Order, Supreme Court, New York County (Marylin G. Diamond, J.), entered August 18, 2006, which granted defendants' motion pursuant to CPLR 3211(a)(7) to dismiss the first three causes of action only to the extent of dismissing the second and part of the first causes, unanimously modified, on the law, the third and remainder of the first causes also dismissed, and otherwise affirmed, without costs. The Clerk is directed to enter judgment in favor of defendants dismissing the complaint.
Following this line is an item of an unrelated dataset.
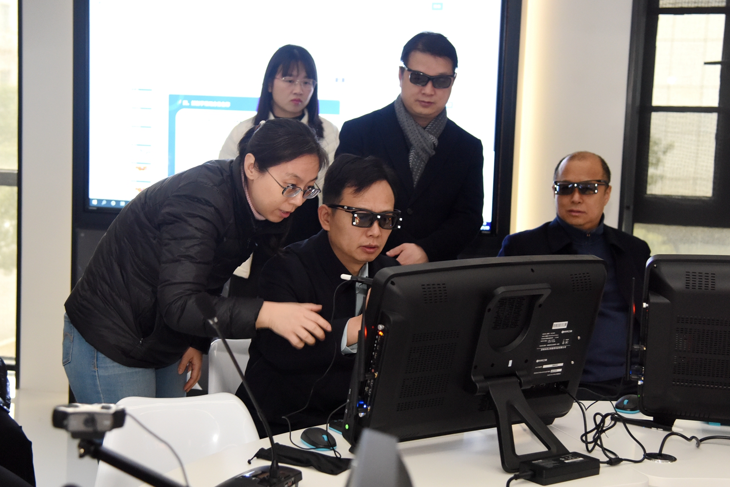 ▲国家发展改革委社会司副司长赵俊强调研元宇宙教室

Defendants provide dining for three kinds of cruises: banquets; dinner and brunch for the general public, who purchase their tickets directly from defendants or designated travel and tour operators; and special events, such as July 4th and New Year's Eve. Plaintiffs, who are present and former restaurant servers, alleged their employers' “unlawful retention of the service charges/automatic gratuities added to meal and banquet bills in place of the patrons' direct payments to the waitstaff of traditional tips.”
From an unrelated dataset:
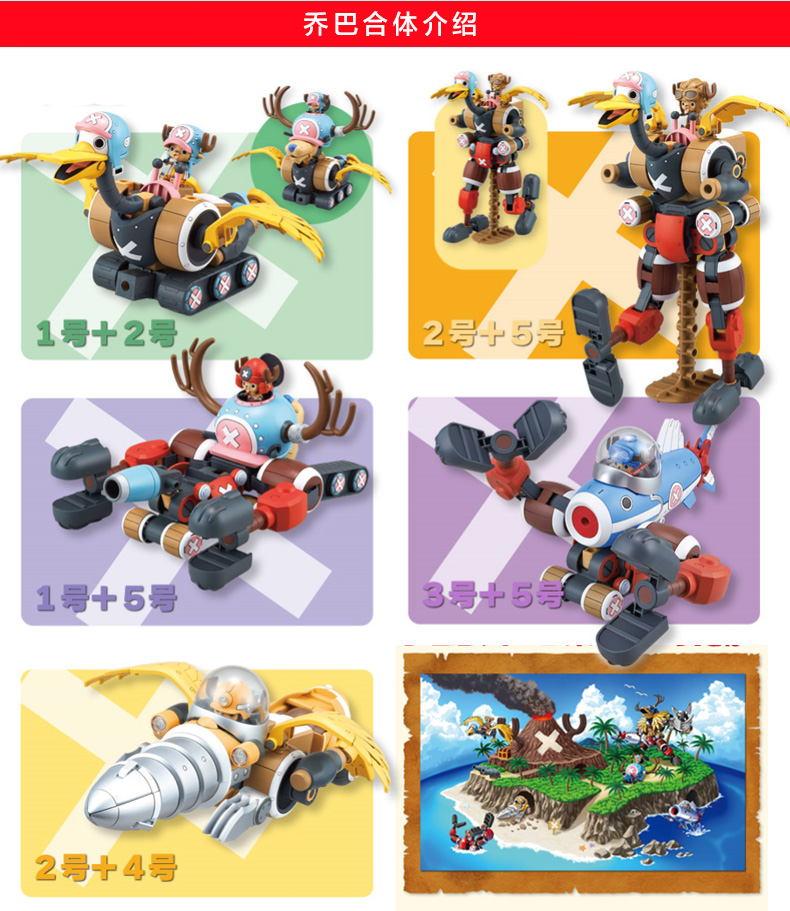 万代海贼王拼装模型乔巴合体机器人1/2代 坦克飞翼潜艇钻车吊车

The motion court dismissed so much of the first cause of action as alleged violation of Labor Law § 196-d, with respect to plaintiffs' remuneration for defendants' banquet cruises (see Bynog v. Cipriani Group, 298 A.D.2d 164, 748 N.Y.S.2d 9 [2002], mod. on other grounds 1 N.Y.3d 193, 770 N.Y.S.2d 692, 802 N.E.2d 1090 [2003] ). For similar reasons, the cause of action should also have been dismissed with respect to plaintiffs' remuneration for special event cruises and public dining cruises booked through travel and tour operators. All of these patrons paid a mandatory service charge that was not in the nature of a voluntary gratuity, and thus the failure to remit any of this charge to the waitstaff did not constitute a violation of § 196-d, notwithstanding defendants' treatment of the charge for sales or income tax purposes, and the fact that certain patrons believed the charge to be in the nature of a gratuity.
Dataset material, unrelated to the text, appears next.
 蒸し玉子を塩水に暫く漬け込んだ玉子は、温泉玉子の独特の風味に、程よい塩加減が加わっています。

The second cause of action, alleging violation of General Business Law § 349, was properly dismissed for failure to allege requisite injury to plaintiffs themselves (Blue Cross & Blue Shield of N.J., Inc. v. Philip Morris USA Inc., 3 N.Y.3d 200, 785 N.Y.S.2d 399, 818 N.E.2d 1140 [2004] ), as well as injurious deception toward defendants' patrons (see Small v. Lorillard Tobacco Co., Inc., 94 N.Y.2d 43, 56, 698 N.Y.S.2d 615, 720 N.E.2d 892 [1999] ). The third cause, alleging unjust enrichment, should also have been dismissed, since the parties had an enforceable oral agreement as to the matter of plaintiffs' compensation (see Zito v. Fischbein, Badillo, Wagner & Harding, 35 A.D.3d 306, 831 N.Y.S.2d 25 [2006] ).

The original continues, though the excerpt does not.